# Seattle Squats



## XMNnmx

I apologize for all the Seattle shit.

Any good squats in Seattle, or anywhere else in the surrounding region (Olympia, etc.)? Or anyone who would be able to possibly show me this summer when I go up there?

I'm particularly curious...are there any such squats where I could stay for an extended period of time? Like, squats that have been operating for a while.


----------



## Amber Banks

When do you plan to be here? I have a functioning squat thats been going almost a year.


----------



## Matt Derrick

I might be up in the Seattle region later in the summer. Maybe I could hit you up? I'd like to check out what you're all doing up there, and maybe write an article about your squat on the blog here or something like that.


----------



## Amber Banks

Yeah, you should message me  I can give you my number & stuff. I just dont use the internet much.


----------



## XMNnmx

Amber Banks said:


> When do you plan to be here? I have a functioning squat thats been going almost a year.
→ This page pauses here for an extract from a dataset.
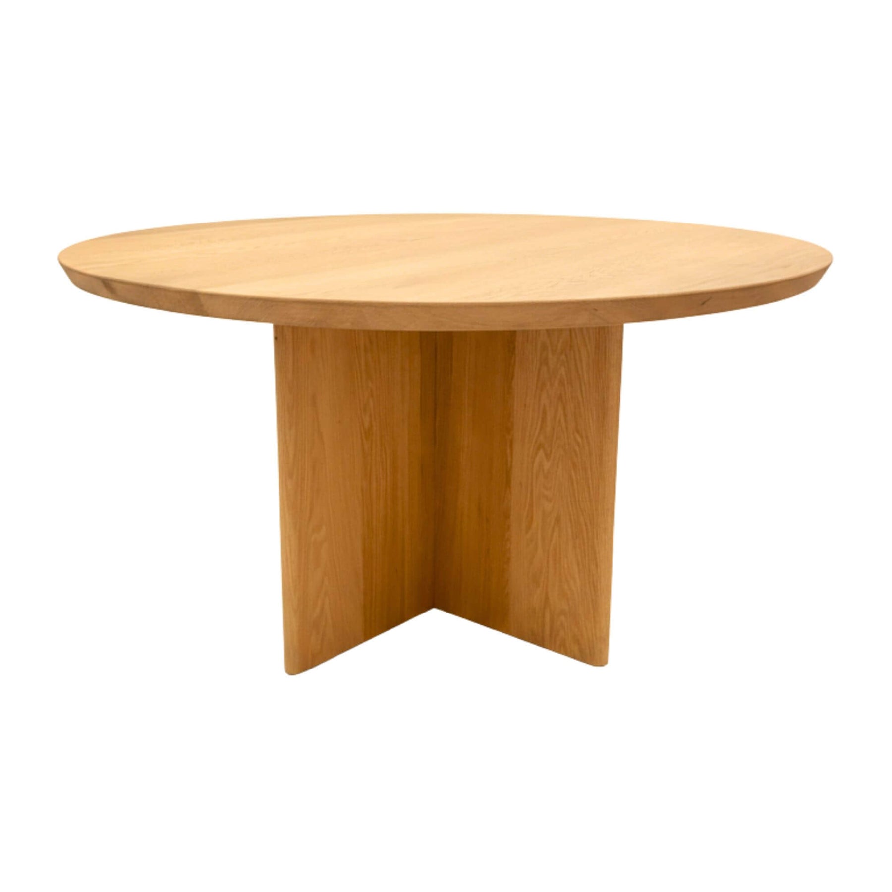Angled studio shot of the oak round dining table showing its X-leg structure.

I'm planning on going this Summer/Fall/Whenever. I'd like to get there at least before the end of August. But there are plenty of variables that could make my trip come sooner -- I'll know when it gets to be time to go. At least after I get a car.


----------



## Tiphareth

I'm also looking into Squats myself. I'm about to get ready to start travelling soon but before that I must leave Seattle life behind and such. I have friends I can couchsurf with in the area but I much rather get into them mindset/vibe before I head down South (shooting for Mexico).


----------



## Hellcathysteria

Also looking for squats in the Seattle area. Mostly been camping in snoqualmie


----------



## Matt Derrick

Hellcathysteria said:


> Also looking for squats in the Seattle area. Mostly been camping in snoqualmie



Come down south for the jamboree where it's warm...


----------



## Hellcathysteria

Matt Derrick said:


> Come down south for the jamboree where it's warm...


I'm so out of the loop I know not what you speak of


----------



## jaws

Hey I am in Seattle, any squats still here?


----------



## storyofrachel

I'm headed there soon, interested. I've always idealized the squatterpunk thing.


----------



## Matt Derrick

aliceglassofficial said:


> I'm headed there soon, interested. I've always idealized the squatterpunk thing.



this thread is quite old, so you probably won't get much of a response. personally, i've never heard of any long-standing squats in seattle that weren't temporary sleeping spots, but i could just be out of the loop.

not sure if you'll still be around then but a bunch of us are meeting up in seattle for the northwest folk life festival if you wanna meet some folks from StP (see event thread).


----------